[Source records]
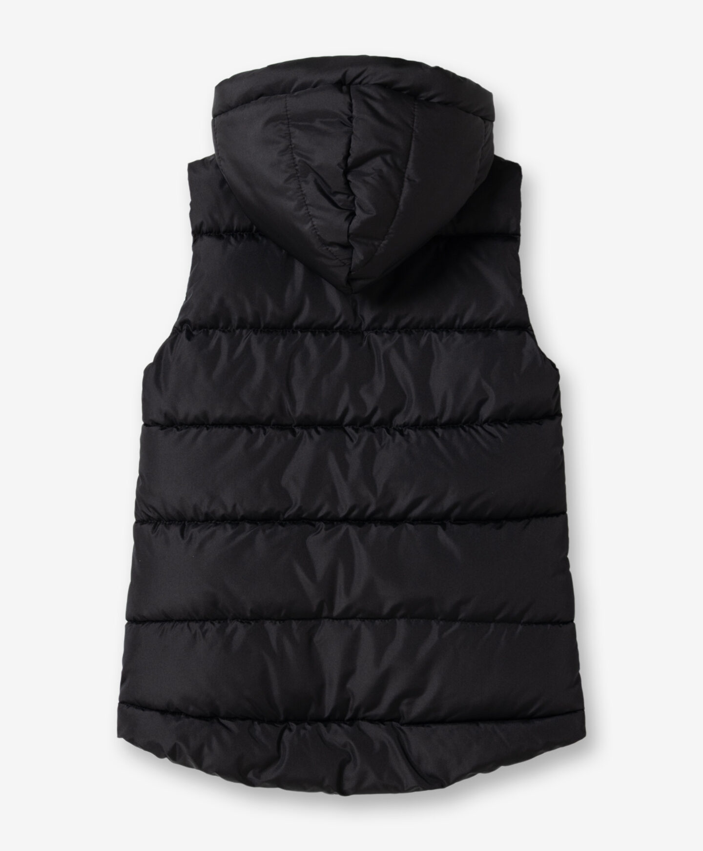 Brezrokavnik za deklice s praktično zadrgo je lahek, topel in eleganten. Klasična barva bo odlično dopolnila večplastne stajlinge, na primer zgornji del trenirke ali pulover. Prostorni žepi bodo greli roke v hladnih dneh, kapuca pa bo otroka ščitila pred vetrom. Daljši kroj zagotavlja še več udobja.
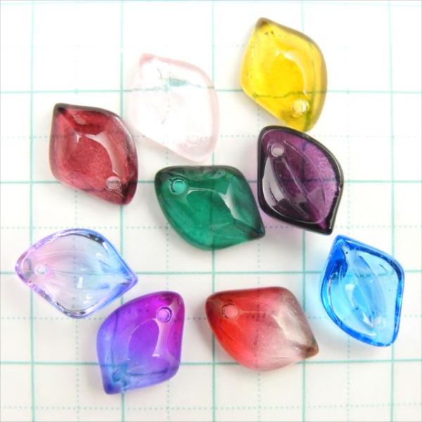 選べるカラー20個!14mmリーフ型ガラス製ビーズのパーツです!
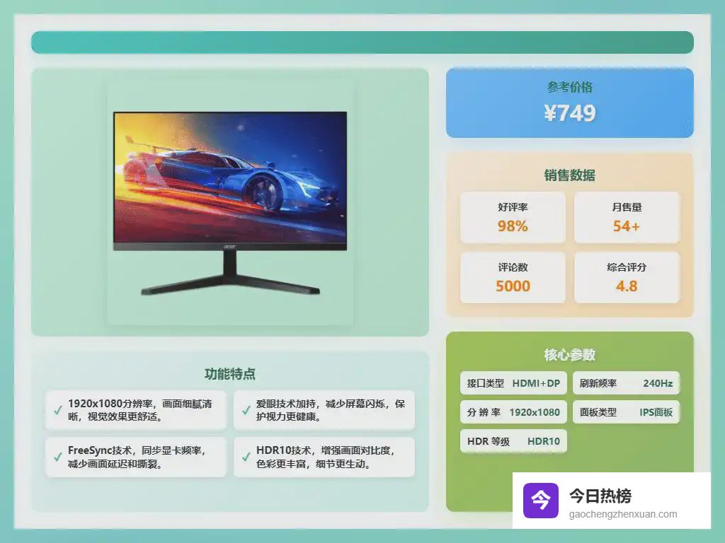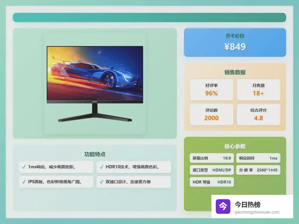 到底怎么选?其实没有绝对的答案,关键是搞清楚自己的需求。如果你是游戏爱好者,对刷新率和响应时间有较高要求,那么可以考虑宏碁的一些电竞型号。如果你更注重色彩准确性和护眼功能,经常需要长时间面对屏幕,那么戴尔的一些型号可能会更适合你。想了解具体型号的性能差异,不妨继续往下看看,或许能找到你的心仪之选!
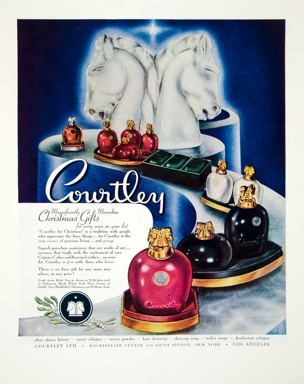 This is an original 1945 color print ad for Courtley men's toiletries, the ideal Christmas gift.
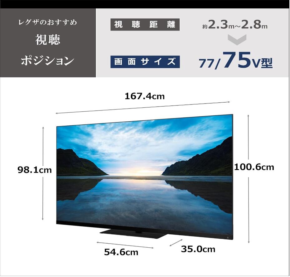 外形寸法(スタンド付き) 幅×高さ×奥行 167.4cm×100.6cm× 35.0cm

AIM OF THE TASK:
Leave out each picture and extract the lines from the one containing "This is an original" through the end of the records above, inclusive, exactly as they stand.

WRITTEN REPLY:
 This is an original 1945 color print ad for Courtley men's toiletries, the ideal Christmas gift.
 外形寸法(スタンド付き) 幅×高さ×奥行 167.4cm×100.6cm× 35.0cm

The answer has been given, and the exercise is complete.